# Forum Other Languages Romance languages French  Please translate this long sentance:

## Biancca

Its one of Victor's, would anyone like to translate it for me? 
Fut-il, au milieu d'une de ces distractions et de ces affections qui occupaient sa vie, subitement atteint d'une de ces coups mysterieux et terribles qui viennent quelquefois renverser, en le frappant au coeur, l'homme que les catastrophes publiques n'ebranleraient pas en le frappant dans son existence et dans sa fortune?

----------


## Nathan

> Its one of Victor's, would anyone like to translate it for me? 
> Fut-il, au milieu d'une de ces distractions et de ces affections qui occupaient sa vie, subitement atteint d'une de ces coups mysterieux et terribles qui viennent quelquefois renverser, en le frappant au coeur, l'homme que les catastrophes publiques n'ebranleraient pas en le frappant dans son existence et dans sa fortune?

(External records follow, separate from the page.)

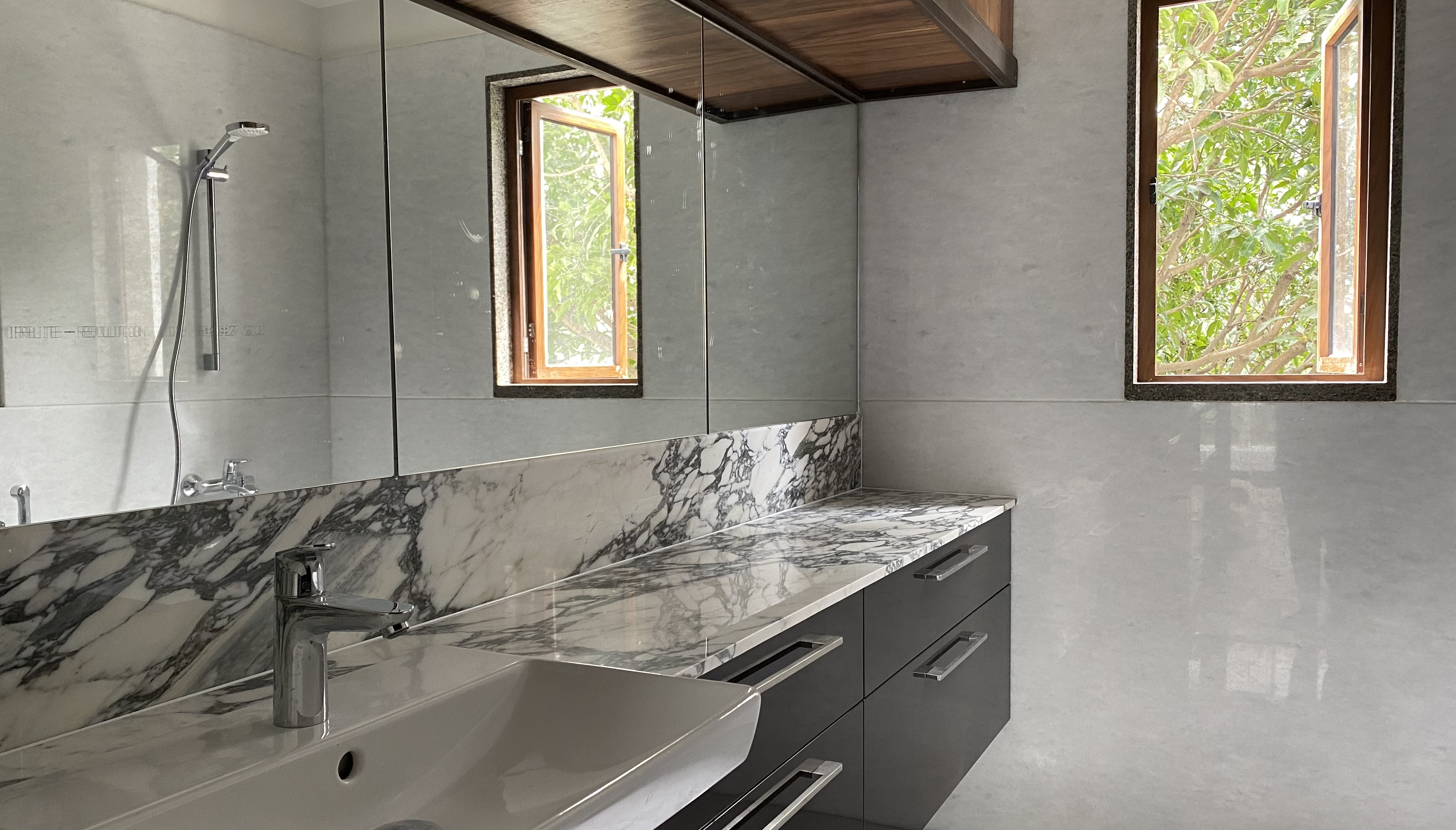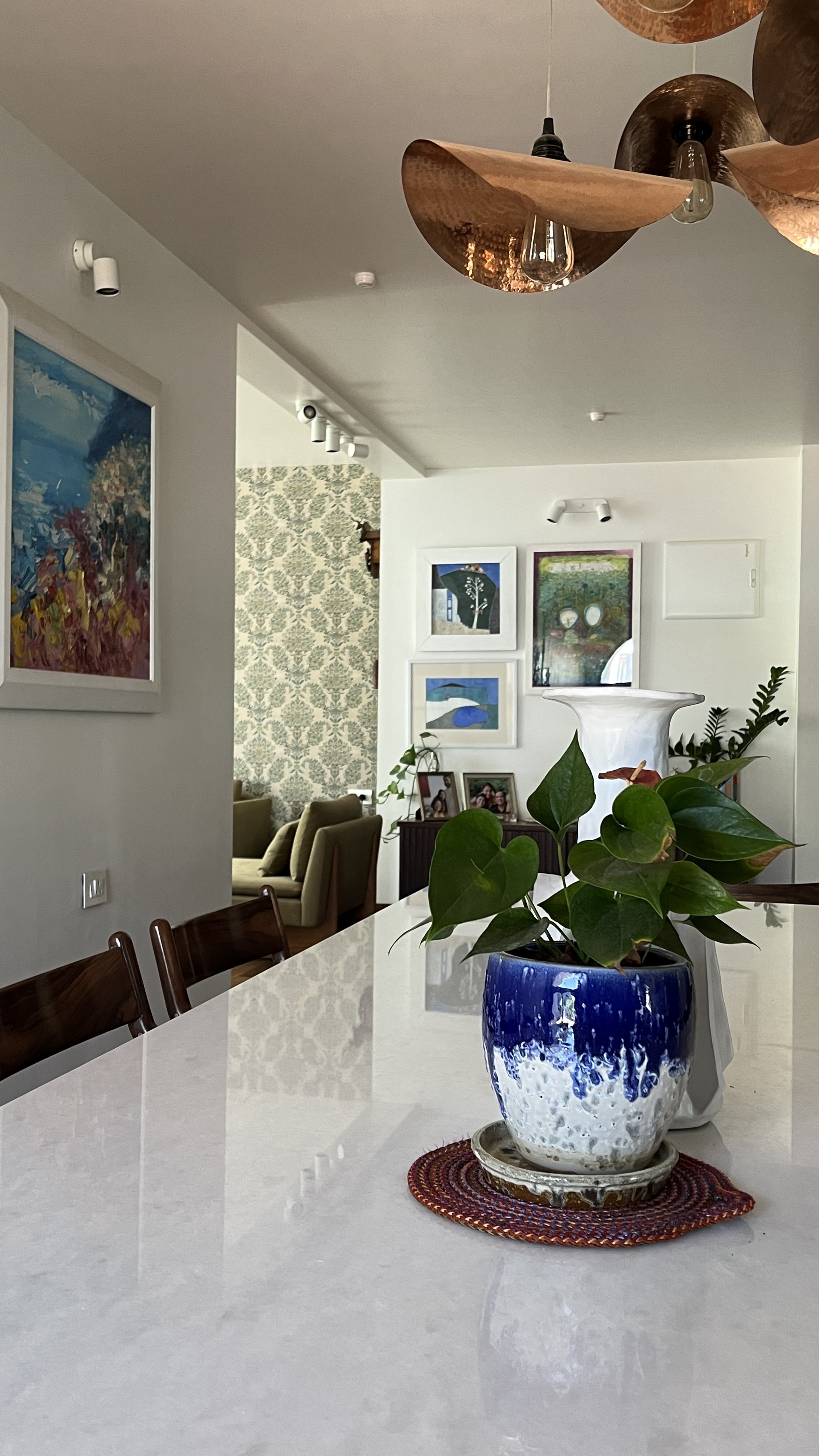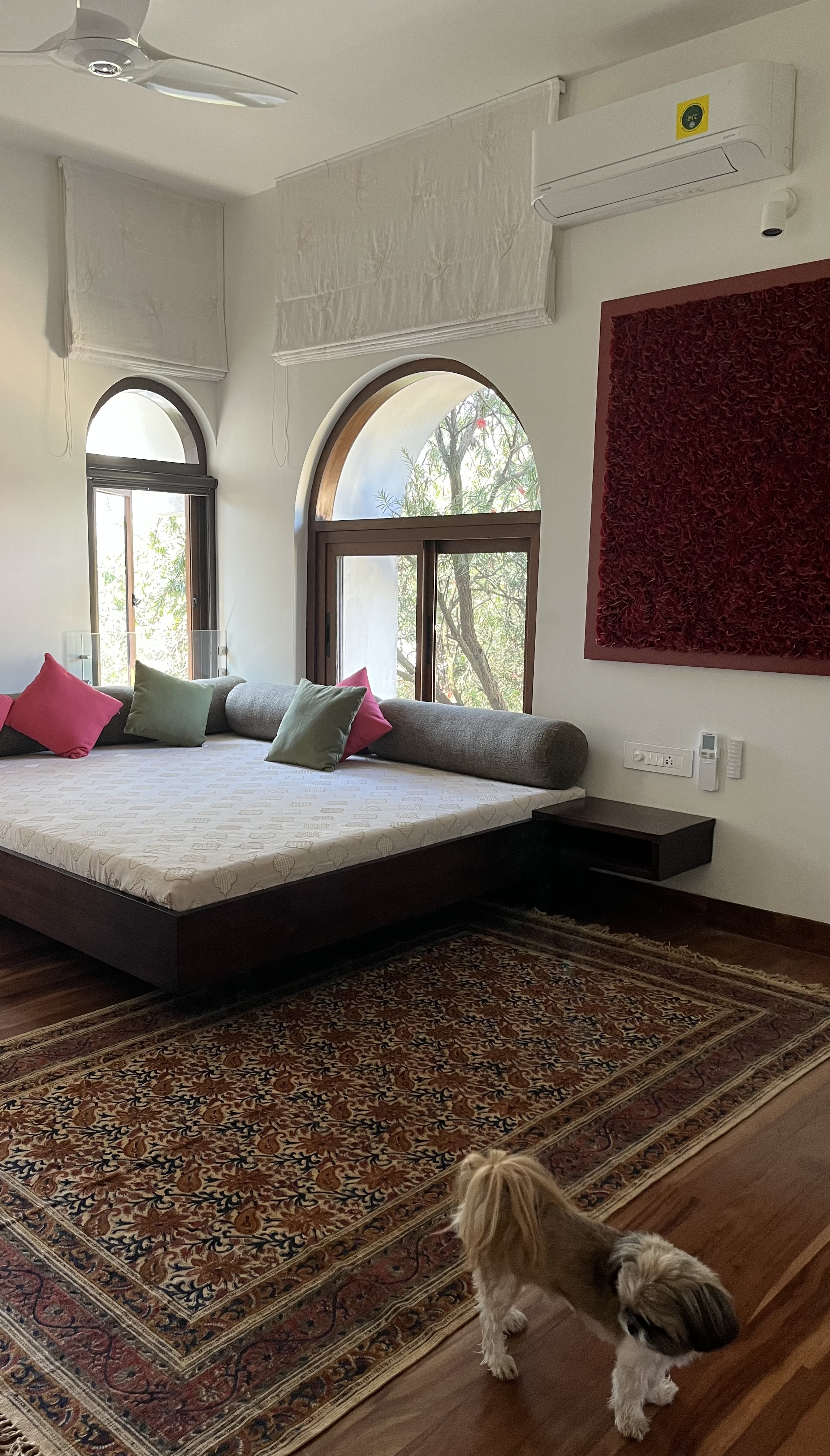 This 3,000 square feet duplex apartment overlooking a woods in central Bangalore was closed up when we began working on it. Despite the space, it felt claustrophobic. As per the client's wishes, we opened it up with French windows overlooking the woods and clean, minimalist interiors creating the perfect indoor-outdoor experience.
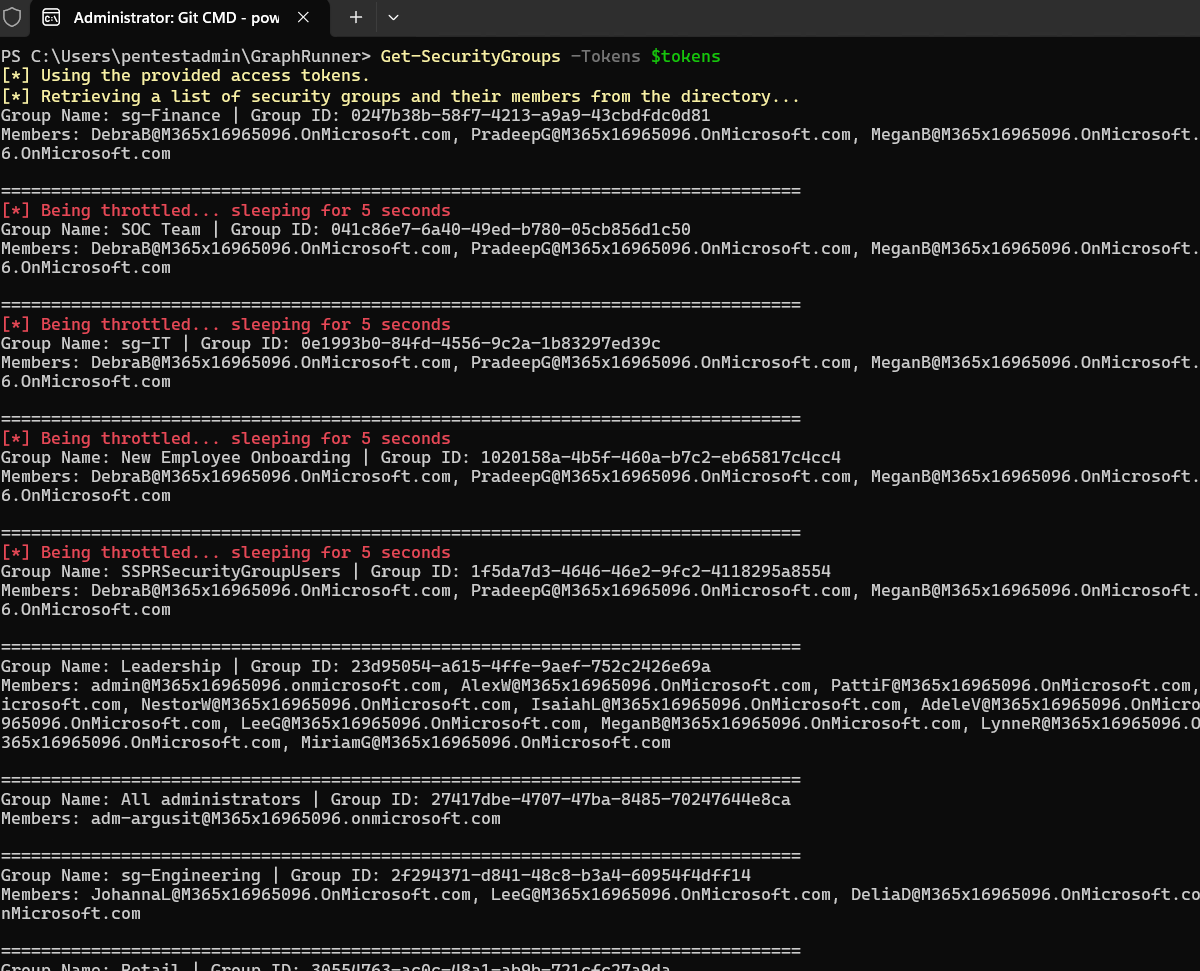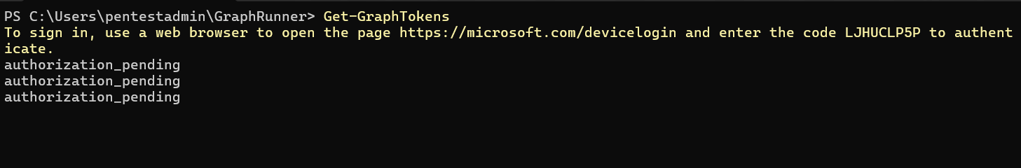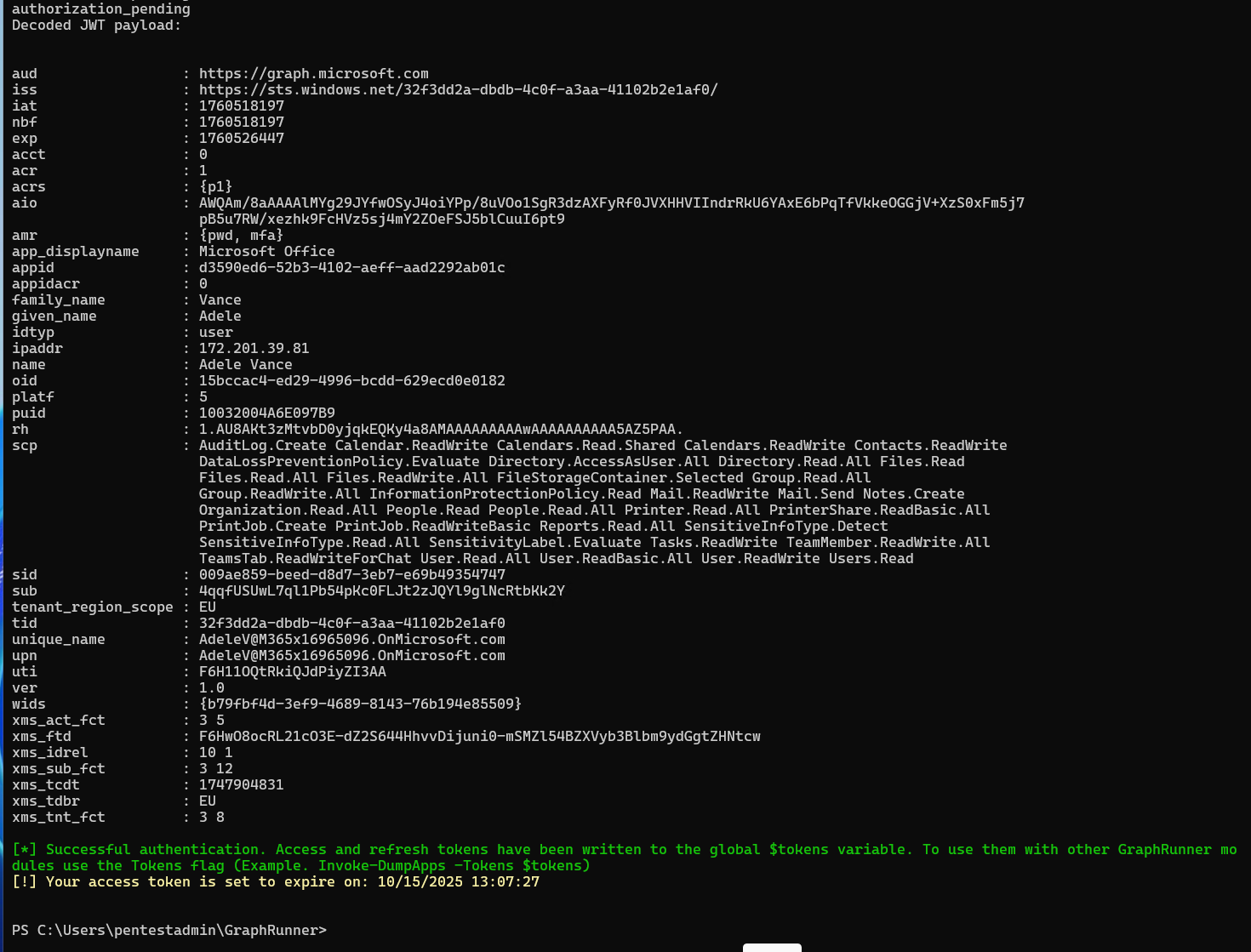 Direct nadat de gebruiker zich heeft aangemeld heeft de Graphrunner tool de access and refresh tokens weten te bemachtigen. Deze tokens kunnen vervolgens worden gebruikt om, als de betreffende gebruiker, aan te melden binnen de Microsoft omgeving.
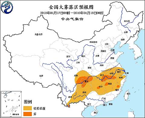 中央氣象臺2010年1月17日06時發(fā)布大霧藍色預(yù)警:
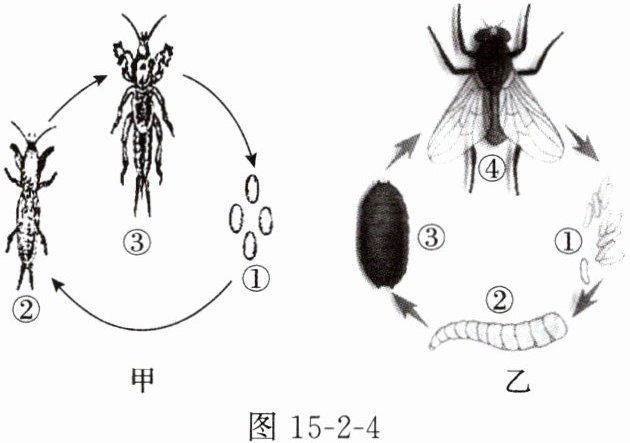 7. 图15-2-4表示两种昆虫的发育过程,请据图回答下列问题。
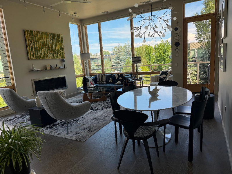 Beautifully appointed 1314 sq ft condo. Corner unit. Floor to ceiling windows with top down bottom up window coverings. Gas fire place. Outdoor deck with grill. Chefs kitchen with wine cooler. 2 parking spaces in heated garage with storage and bike room.
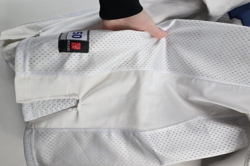 Blemishes, loose threads on collar. Collar, sides discolored. Designs distressed
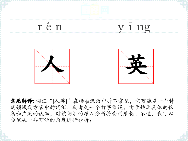 综上所述,由于“[人英]”不是一个已知或常见的词汇,对其进行深入分析是困难的。如果这是一个特定领域或方言中的词汇,建议提供更多的上下文信息以便进行更准确的分析。
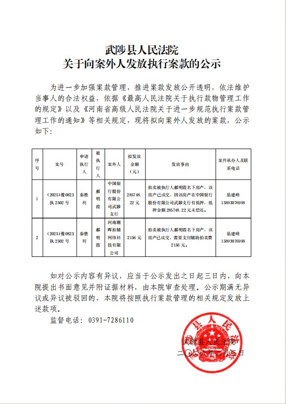 武陟县人民法院关于向案外人发放执行案款的公示(2026年第5期)
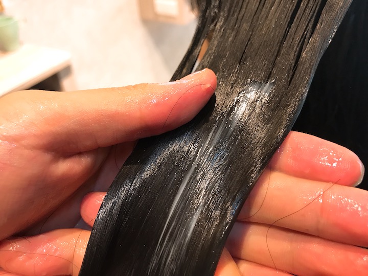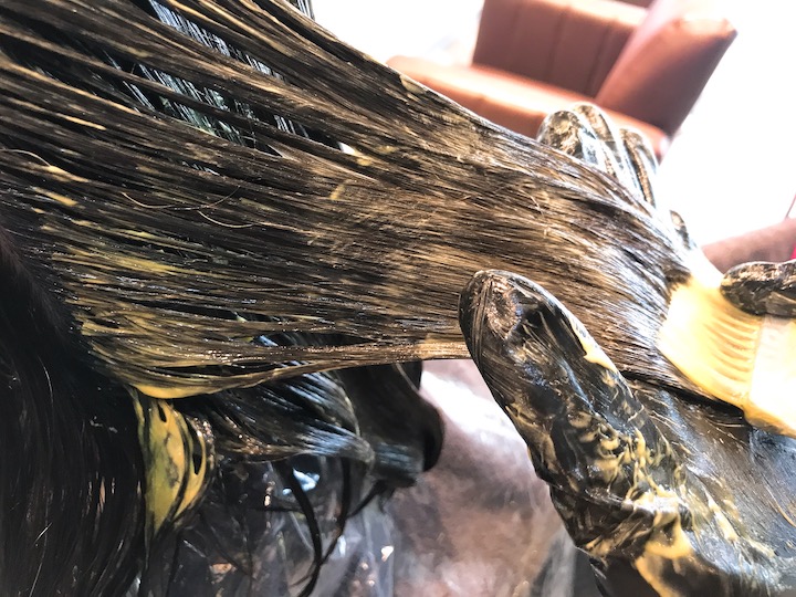 上第一段護髮,美髮師也很細心會讓整個髮絲都有塗抹到,
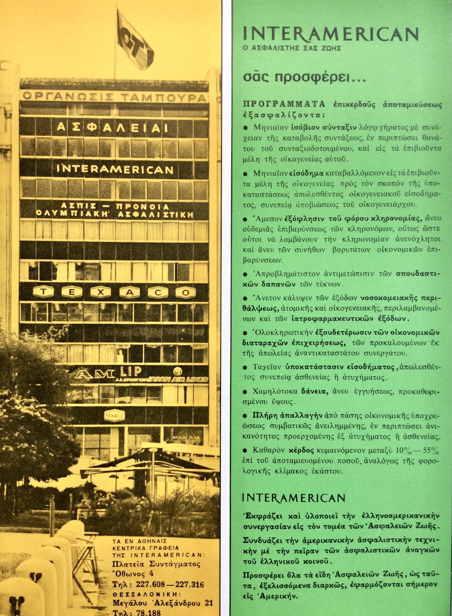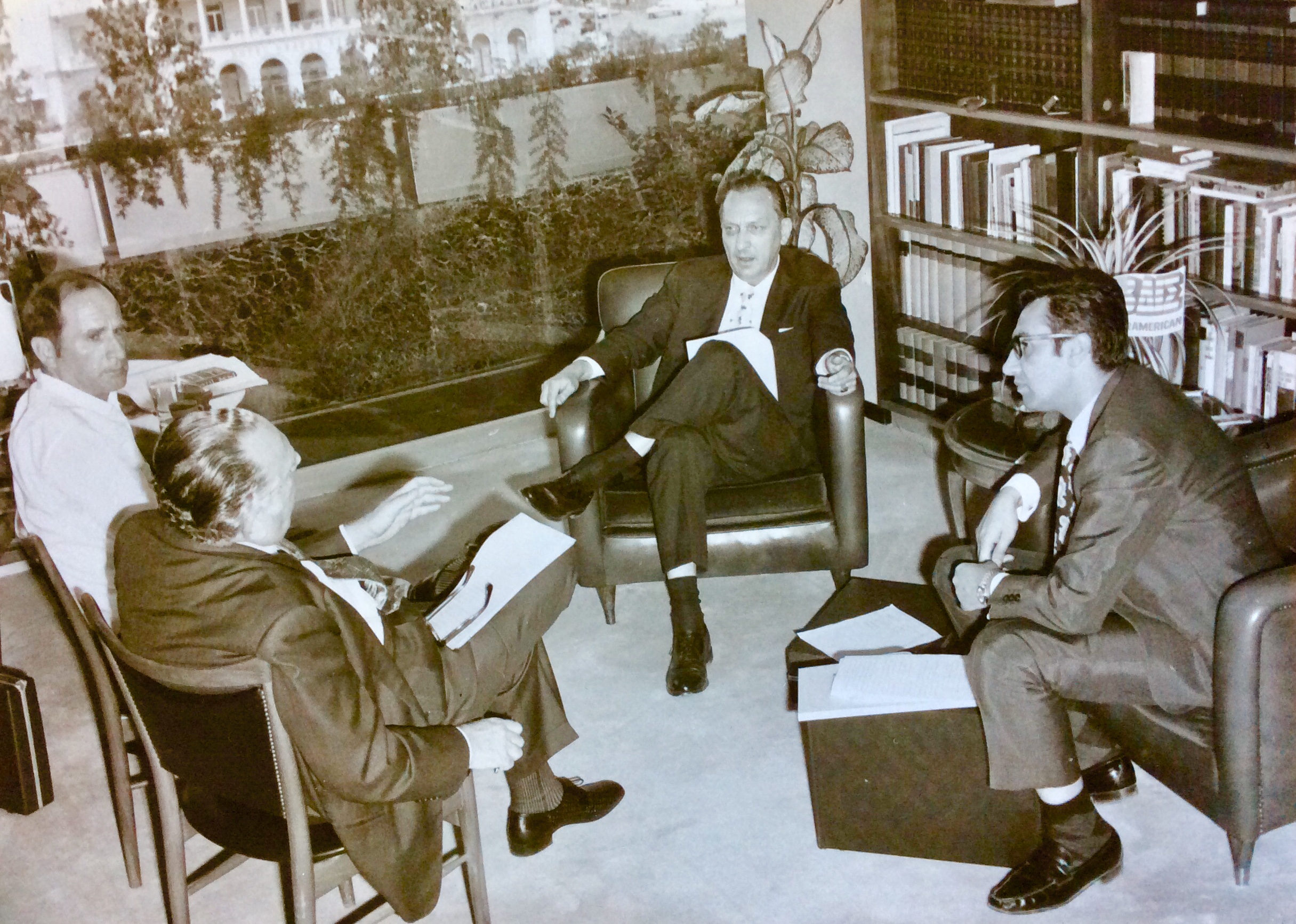 To 1971, οι ιδρυτές της Interamerican Δημήτρης Κοντομηνάς και Αλέξανδρος Ταμπουράς προχώρησαν σε ένα joint venture, εισάγοντας την αμερικανική ασφαλιστική τεχνογνωσία στις ασφαλίσεις Ζωής – και φυσικά ενισχύοντας τα κεφάλαια, με τη μεγάλη τότε αμερικανική εταιρεία INA (Insurance of North America). Η Interamerican, «η πρώτη αμιγώς ασφα- λιστική εταιρεία Ζωής στην Ελλάδα», ταυτόχρονα έγινε Ανώνυμη (είχε ιδρυθεί ως ΕΠΕ τον Φεβρουάριο του 1969). Στο στιγμιότυπο, οι Α. Ταμπουράς, Δ. Κοντομηνάς, ο επικεφαλής των νομικών υπηρεσιών Μ. Κοντομίχαλος και ο R. Anderson εκ μέρους της ΙΝΑ, σε μια από τις προπαρασκευαστικές συζητήσεις της συνεργασίας που μεγάλωσε την Interamerican, στα πρώτα γραφεία της πλατείας Συντάγματος – Όθωνος 4, στο γραφείο του Α. Ταμπουρά.
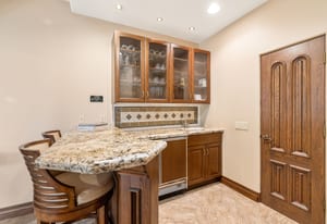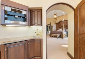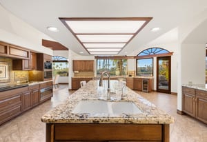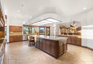 The expansive chef's kitchen is designed for both everyday living and large-scale entertaining. A generous breakfast island serves as the centerpiece, offering stunning views while providing abundant preparation space. The kitchen also includes a charming breakfast area with its own fireplace--perfect for relaxed mornings while enjoying the surrounding scenery and pool area.
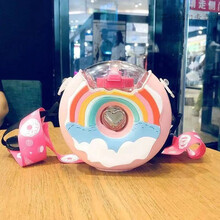 甜甜圈水壶 甜甜圈儿童吸管水杯防摔宝宝用网红背带 380ml吸管学饮水壶 380ML粉色彩虹 有背带

 Wow... hard reading material you've got there.  Ebranler.. good word  :: . 
This is my attempt, but there are many ways you could try to translate this: 
Was he, in the midst of one of those distractions and loves that occupied his life, suddenly able to attain one of those terribly mysterious realizaitions that can sometimes toally change, by touching him in the heart, the man who public catastrophies had never personally moved? 
That make sense in the context?

----------


## Biancca

Yep, that makes sense, thanks.    ::

----------


## frenchlondon2005

Wow!  
And then people complain French is too hard!! You have chosen the most difficult material ever!

----------


## kartelite

This is how I would translate it, formally not artistically, although I'm not a native interlocutor. 
Was he, in the middle of the distractions and pleasures that took up his life, suddenly struck by one of those terrible, mysterious blows that from time to time upset, by piercing the heart, a man who would be unshakeable in the face of public catastrophe such as those that attack his person or his fortune? 
I'll break it up bit-by-bit so you'll be able to see where I'm coming from:   *Fut-il, au milieu d'une de ces distractions et de ces affections qui occupaient sa vie, subitement atteint d'une de ces coups mysterieux et terribles* 
This part translates pretty straightforwardly.  It introduces a man who is enjoying a normal life, and suddenly he is struck by (subitement atteint d') one of those mysterious blows (un de ces coups mysterieux).  Note that coup is masculine, so the original sentence is incorrect.   *qui viennent quelquefois renverser, en le frappant au coeur, l'homme que les catastrophes publiques n'ebranleraient pas en le frappant dans son existence et dans sa fortune?* 
This is a little trickier...it introduces by means of a relative pronoun the mysterious blows which (notice present tense, so it is not referring to the specific situation but mysterious blows in general) can sometimes totally turn our lives upside down.  Those blows do this by striking at our heart, and they can even afflict a man who would normally be unshakeable when only his "existence" or "fortune" is stricken--it is emphasizing the power that these mysterious blows to the heart have.  The other way to interpret it would be that the mysterious blows cripple him in his existence and fortune BY piercing his heart, but I don't think that's what's intended. 
Well that is my take on it, but I don't have the context so there may be other ways to interpret it. 
Nathan

----------


## Biancca

Hey Nathan how come you changed your name? 
Anyway I knew it was you before I saw the signature.  Very technical. 
Thanks

----------